Nets wake up in second half and rout Hawks

D'Angelo Russell of the Nets controls the ball during the first quarter against Trae Young of the Hawks at Barclays Center on Wednesday. Credit: Jim McIsaac
Teams in playoff position cannot afford to waste home games against the NBA’s lesser teams, especially when the immediate schedule only grows more challenging from here.
The surging Nets spotted Atlanta a monstrous first quarter Wednesday night, but they overcame a 19-point deficit for their largest comeback victory of the season, improving to 13-4 since Dec. 7 with a 116-100 win over the Hawks at Barclays Center.
“First of all, no easy games in the NBA, that’s for sure,” Nets coach Kenny Atkinson said. “They blitzed us in the first quarter. I think a lot of that was them and some of it was us . . . It’s like you’re playing with fire when you dig a hole like that.
“I hate repeating this, but I don’t think we win that game last year or the year before. But I thought we really locked down and showed a lot of maturity.”
D’Angelo Russell scored a team-high 23 points and Joe Harris chipped in 16 as the Nets (21-22) nudged percentage points ahead of Miami for the sixth playoff position in the Eastern Conference. DeMarre Carroll added 17 points and Spencer Dinwiddie netted 16. The Nets’ next three opponents — Toronto on the road, Boston at home and at Houston — boast a combined .642 winning percentage this season.
“It’s huge, because a game like this is a trap game,” said veteran big man Ed Davis, who had eight points and 16 rebounds in 22:32 off the bench. “You got a team that’s not going to make the playoffs and you’re supposed to win that game. You don’t look ahead, but you know that you got a tough stretch coming up . . . This is a game that you have to get, especially if you want to be playing after April 15.”

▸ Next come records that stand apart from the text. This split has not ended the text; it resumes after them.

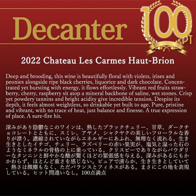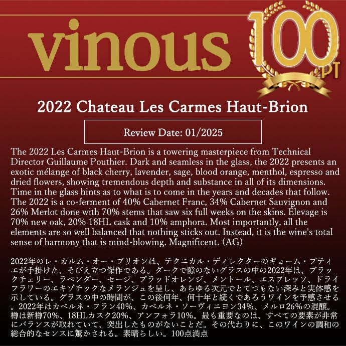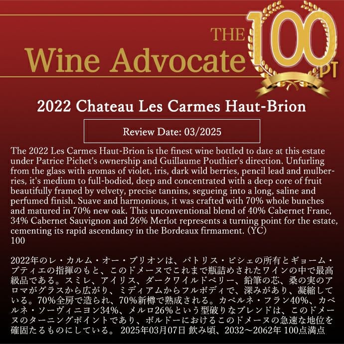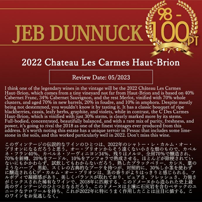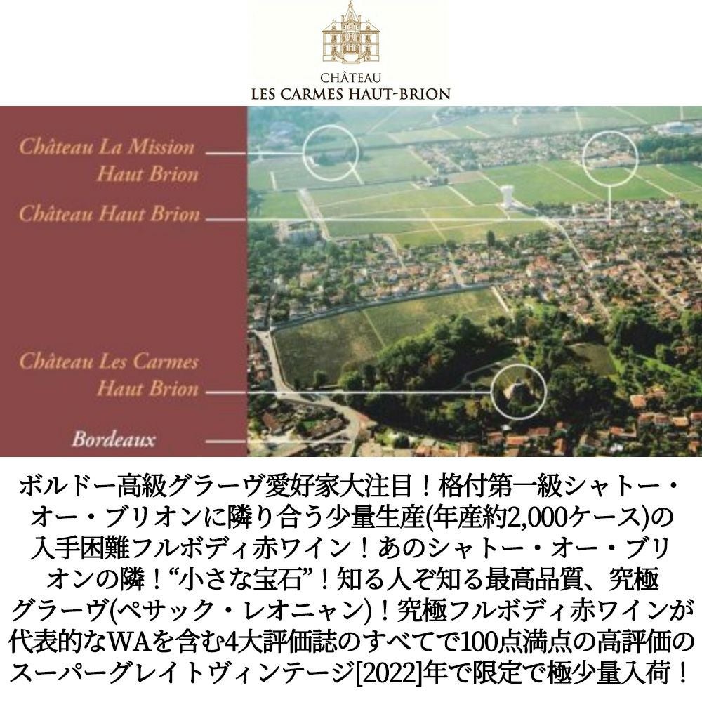 他の画像を見る シャトー レ カルム オー ブリオン 2022 AOCペサック レオニャン シャトー元詰 ヴィノス誌驚異の100点満点&WA誌驚異の100点満点Chateau Les Carmes Haut-Brion 2022 AOC 赤ワイン フランス フルボディ 辛口 当店特別価格 ¥ 37,411 税込 在庫切れ 詳細を見る お気に入りに登録する
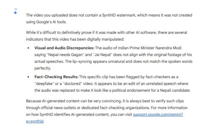तर भिडिओको प्रकृति हेर्दा र आवाज सुन्दा यो ‘डिपफेक’ (Deepfake) वा डिजिटल रूपमा परिवर्तन गरिएको जस्तो देखिएको नतिजा आयो। भिडियोमा ओठको चाल (Lip-syncing) र आवाजको लय अस्वाभाविक देखिने सम्भावनाबारे पनि गुगलको SynthID नतिजाले बतायो।
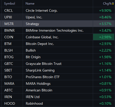 Circle up 10%; Upexi up 8%; Strategy up 4%; BMNR, Coinbase up 3%.
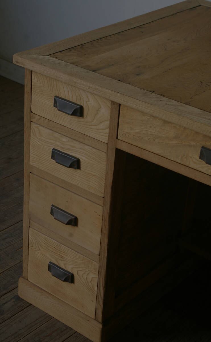 立派な造りでデザインも良く、迫力があり、味のある古い楢材枠の綺麗な木目がとても雰囲気の良いアンティークデスクです。
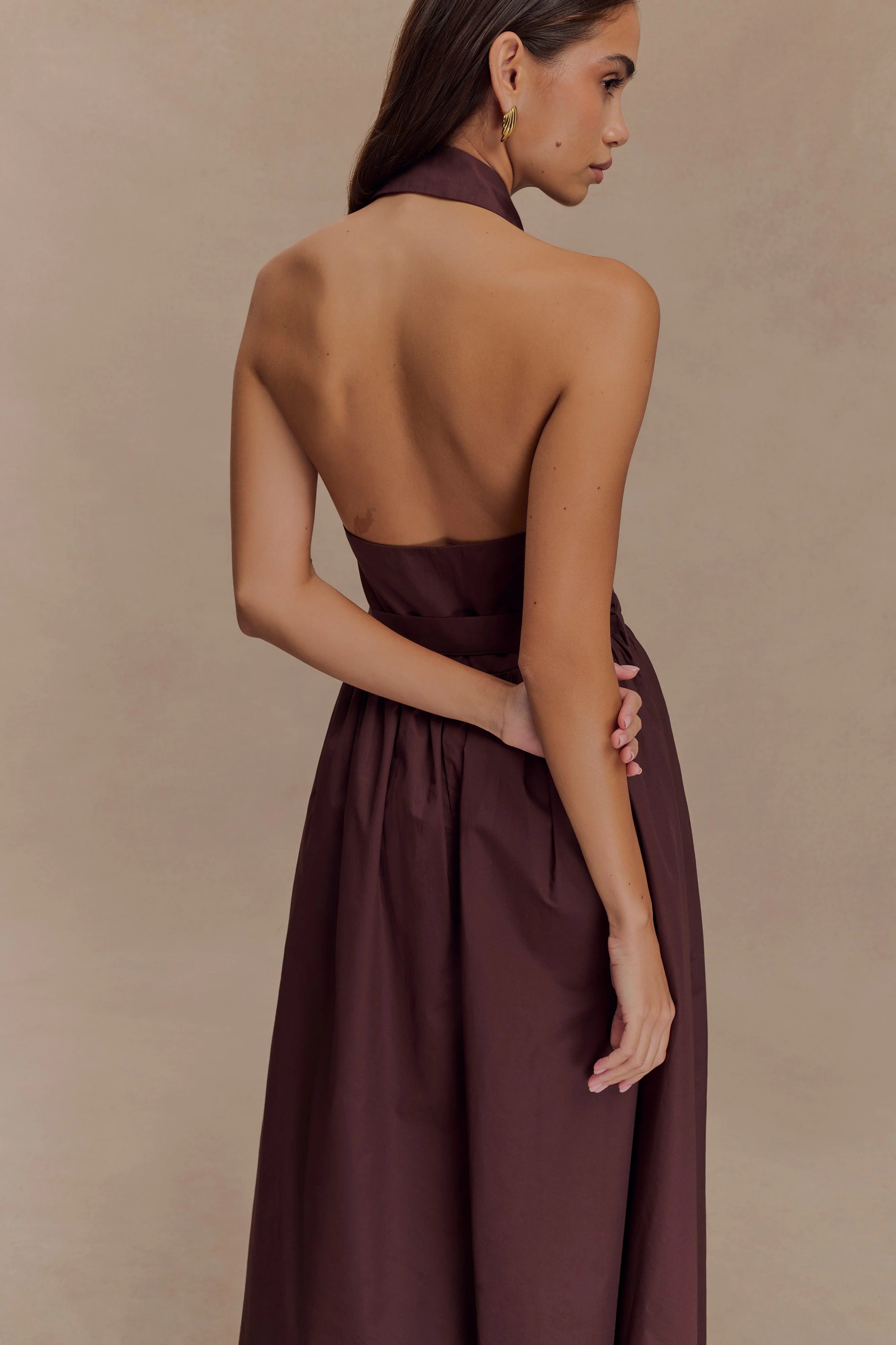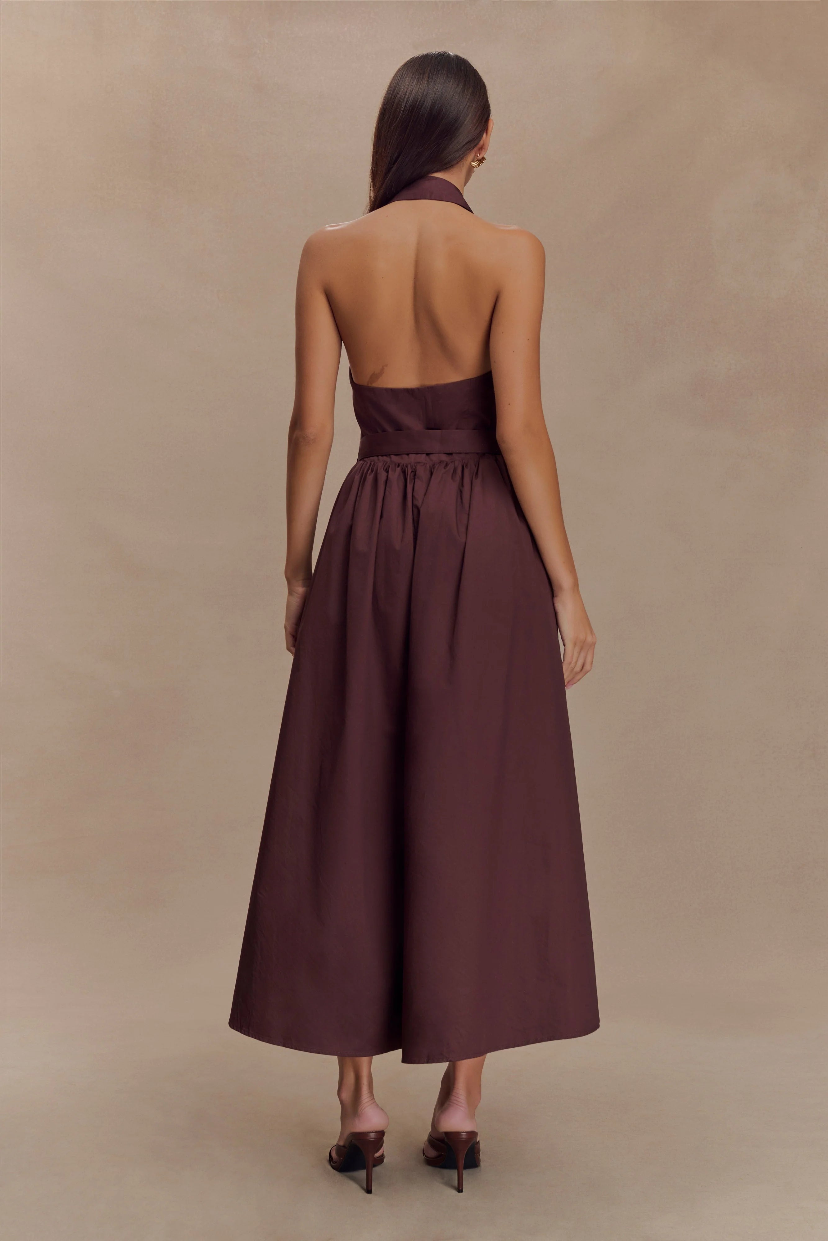 Step into timeless elegance with the CINDY Collared Midi Dress, a halter neck silhouette elevated by a sharp collar and cinched waist. The functional centre front buttons add a touch of vintage appeal, while the full gathered skirt flows effortlessly into a flattering A-line fit. Complete with a coordinating waist belt to define your shape, this dress is your go-to for polished days and dressed-up moments alike.

Brooklyn had connected for a season-best 144 points the previous time Atlanta was in town on Dec. 16. That was the fifth victory of the seven-game win streak that catapulted the Nets back into playoff contention, despite the loss in late November of leading scorer Caris LeVert to ankle surgery.

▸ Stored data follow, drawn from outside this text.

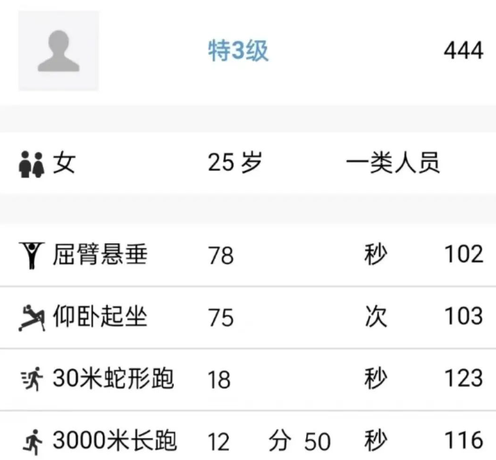 部队军事体育成绩评定标准分为7级
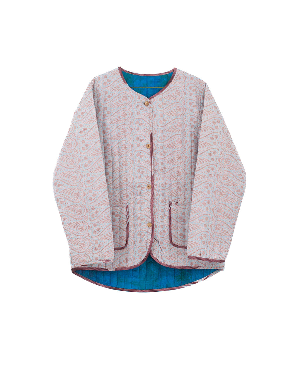 Short quilted jacket made from recycled Indian silk saris. The jacket is
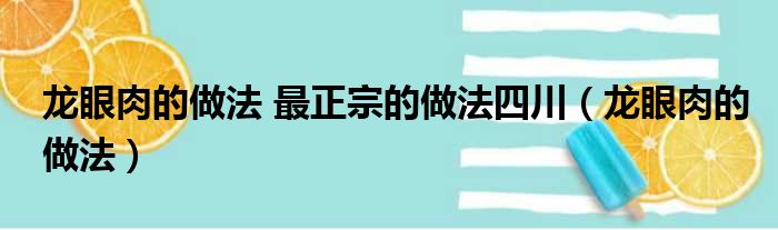 龙眼肉的做法 最正宗的做法四川(龙眼肉的做法)
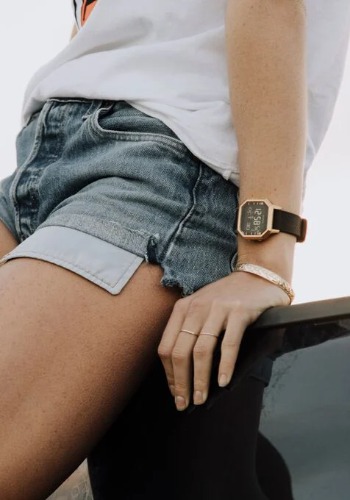ケースは特徴的ですが、ブラックとゴールドのみで構成されているのでさまざまなコーディネートで活躍します。
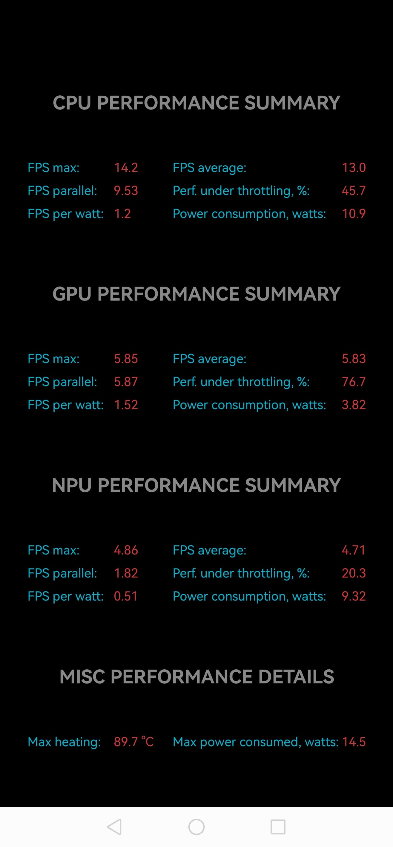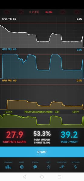 Тест на снижение производительности при нагреве мы проводим с помощью программы Burnout Benchmark, которая позволяет нагружать CPU, GPU и NPU:
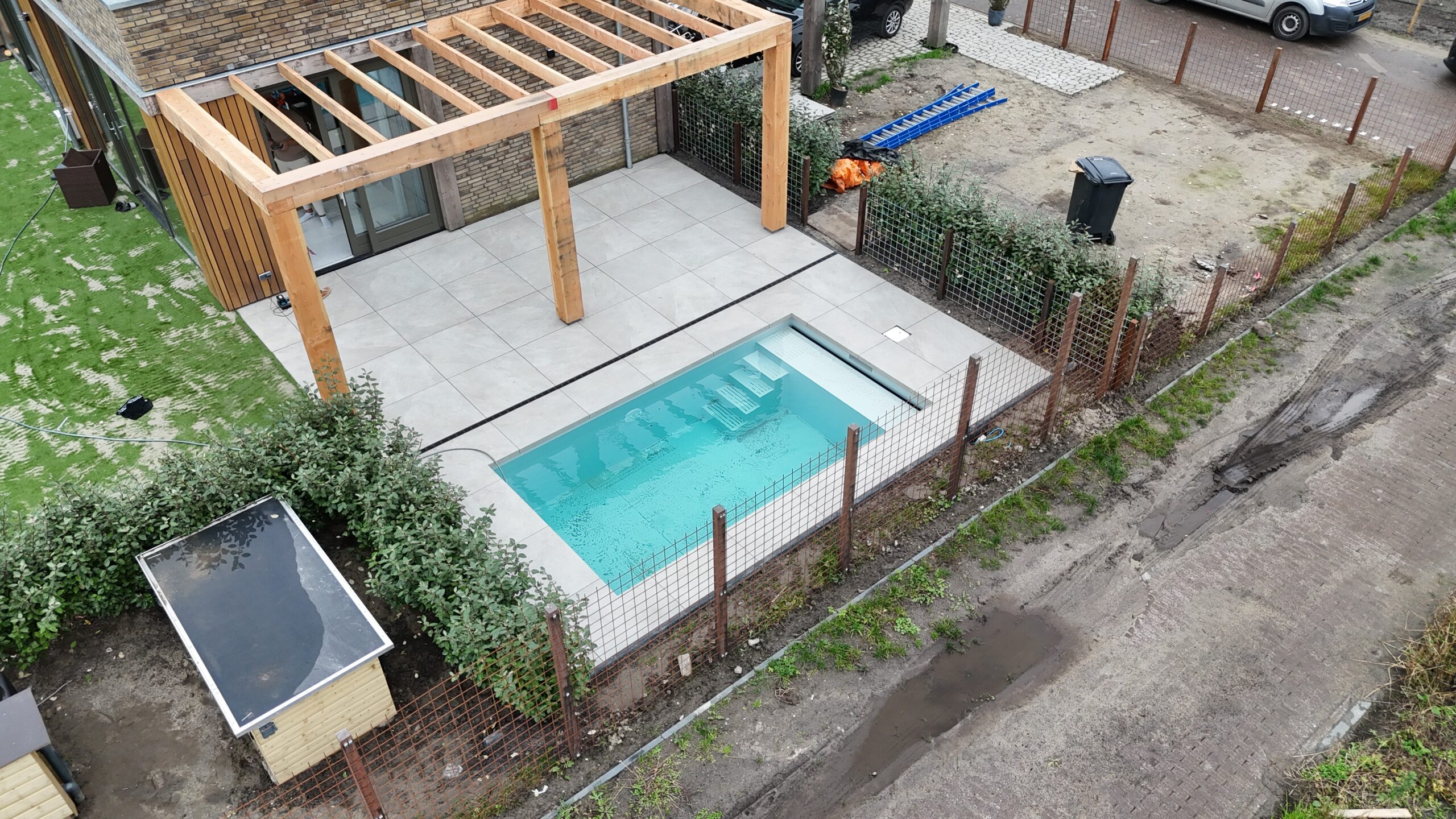 Op de uitgegraven ondergrond is een betonvloer gestort die volledig voldoet aan de technische eisen en specificaties voor zwembaden. Deze vloer vormt een stabiele en duurzame basis voor het bad. Het HDPE-zwembad, dat speciaal op maat is gemaakt, is daarna met precisie geplaatst. Door rekening te houden met het lijnenspel van de woning is het zwembad perfect afgestemd op het ontwerp en de architectuur van het huis, waardoor er een harmonieus totaalbeeld is ontstaan.

“We’re a resilient team, a team that gets off the mat when something bad happens,” Atkinson said.
The undermanned Nets had squandered a chance to reach .500 with Monday’s rough road loss to the Celtics, but Harris and Carroll returned to the lineup after missing the Boston game with minor injuries.
Still, the Hawks erupted for 38 points in the first quarter, including 14 of 16 from the free-throw line. They led by as many as 19 early in the second, before Russell and Dinwiddie fueled an 11-0 surge to help the Nets slash that hole to six points, 57-51, by halftime.
Harris, who came in ranked second in the NBA in three-point percentage, buried three shots from long range in the first three minutes of the third quarter for a 66-63 Brooklyn turnaround advantage. Davis’ traditional three-point play in the closing seconds of the period boosted the Nets’ cushion to six entering the final quarter.
The Nets opened the fourth on a 14-3 run, featuring five points from Carroll, to cruise to their 13th win in 17 games since their record bottomed out at 8-18 with an eight-game losing skid through Dec. 5.
“That’s where the veteran leadership comes in. They’re the ones that are vocalizing it, talking about the aspirations that we have as a team, and we can’t have these lapses if we want to get where we’re trying to go,” Harris said. “Considering where we’ve been to where we’re at now, it says a lot about the team.”